To ease the pain of a layoff, many employers offer severance payments to employees.
There is often no legal obligation for companies to offer these parting gifts, but they serve a number of important purposes: helping companies avoid negative press and the potential wrath of thousands of outraged employees expressing their grievances online.
Another result of these exit packages if you are laid off: it may be possible to negotiate an even better termination agreement than what is initially offered.
Here’s what you need to know about these agreements, what they often contain, and which parts are easiest to negotiate.
It is entirely up to companies to decide how to calculate severance pay, but it is often handed out based on how long employees have been with the company. The longer your tenure, the juicier your exit package can be. For example, you may receive two to four weeks of pay per year of service.
In a recent mass layoff at Google, workers received 16 weeks’ pay, plus two weeks for each year of service. If you find that your severance pay does not match the number of years of service you have contributed to the company, you can withdraw and ask for more. Another tactic to consider is to ask for your payment all at once up front rather than having it paid out over time.
Accelerated share acquisition
Employees who are in danger of losing any unearned equity following a layoff may withdraw and ask to be “cured” in some way. You can ask the company to accelerate your vesting period so that you can redeem some or all of your shares before termination. You can also ask for a lump sum of cash equal to the total or partial value of your shares as part of your exit package.
Unused vacation/sick days
Make sure your employer has correctly calculated how many days of unused vacation or sick leave they offer in your package. If it doesn’t match your record of the number of days you’ve used, you can ask for an adjustment.
Job placement assistance
In mass layoffs, it is common for companies to provide job assistance to laid-off workers to help them get back on their feet. If your severance payment does not include this form of service, you can request it. These services can match you with specialists or coaches who can help spice up your resume and LinkedIn profile and help you find jobs in your area of interest.

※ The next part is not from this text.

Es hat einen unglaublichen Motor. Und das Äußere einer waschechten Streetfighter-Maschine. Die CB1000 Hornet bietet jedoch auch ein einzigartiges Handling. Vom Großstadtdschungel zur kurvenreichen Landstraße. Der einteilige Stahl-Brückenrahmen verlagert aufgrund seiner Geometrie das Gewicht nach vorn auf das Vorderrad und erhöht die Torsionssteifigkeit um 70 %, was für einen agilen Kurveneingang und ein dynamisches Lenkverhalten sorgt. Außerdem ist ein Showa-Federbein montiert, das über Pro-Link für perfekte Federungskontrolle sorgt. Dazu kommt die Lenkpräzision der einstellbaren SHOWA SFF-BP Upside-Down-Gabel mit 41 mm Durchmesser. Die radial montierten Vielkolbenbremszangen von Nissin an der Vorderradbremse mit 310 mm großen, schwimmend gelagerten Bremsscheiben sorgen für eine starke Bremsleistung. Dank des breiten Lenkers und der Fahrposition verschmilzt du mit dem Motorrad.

You may have heard of COBRA, a federal program that requires companies with more than 20 employees to offer employees to extend their same health care for a specified period of time. COBRA isn’t cheap, as employers often drop their contribution to your plan, meaning you have to foot the entire bill. However, if you make it clear to your employer why you need ongoing health care, they may agree to continue paying their share of your bill for an extended period of time.

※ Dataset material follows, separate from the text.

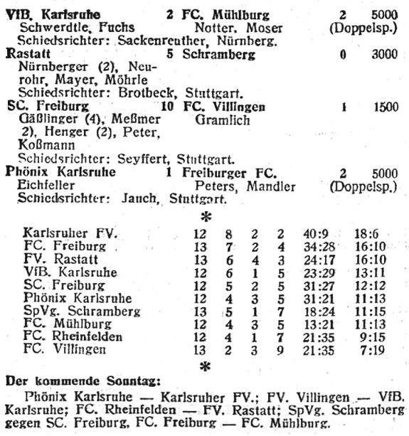 | 11. Spieltag | 25.10.1931 | Freiburger FC - Spvgg. Schramberg | 3-0 | Spielbericht 1; Spielbericht 2; Statistik |

You could argue that you deserve at least a partial payout of your annual target bonus, especially if you can demonstrate that you’ve met or exceeded your goals for that point in the year.
Do not sign the document until you have had sufficient time to review it
You may even want to have a lawyer review the document with you to point out any relevant clauses, especially if they try to limit your ability to speak about your experience working there or prohibit you from working at competitors.
Success is not guaranteed
Go in with realistic expectations before attempting to negotiate.

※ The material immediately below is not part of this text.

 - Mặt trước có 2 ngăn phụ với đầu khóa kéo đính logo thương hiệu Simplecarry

When companies go through mass layoffs, they probably won’t be as willing to offer individual employees special adjustments or exceptions to the terms of everyone else’s agreements. If you’re part of a smaller company or if you’re one of the few employees who get the boot, your chances of closing a unique deal for yourself can improve.
Mandi Woodruff-Santos is a career coach, award-winning cohost of Brown ambition and founder of the MandiMoney Makersa unique career coaching community for women of color.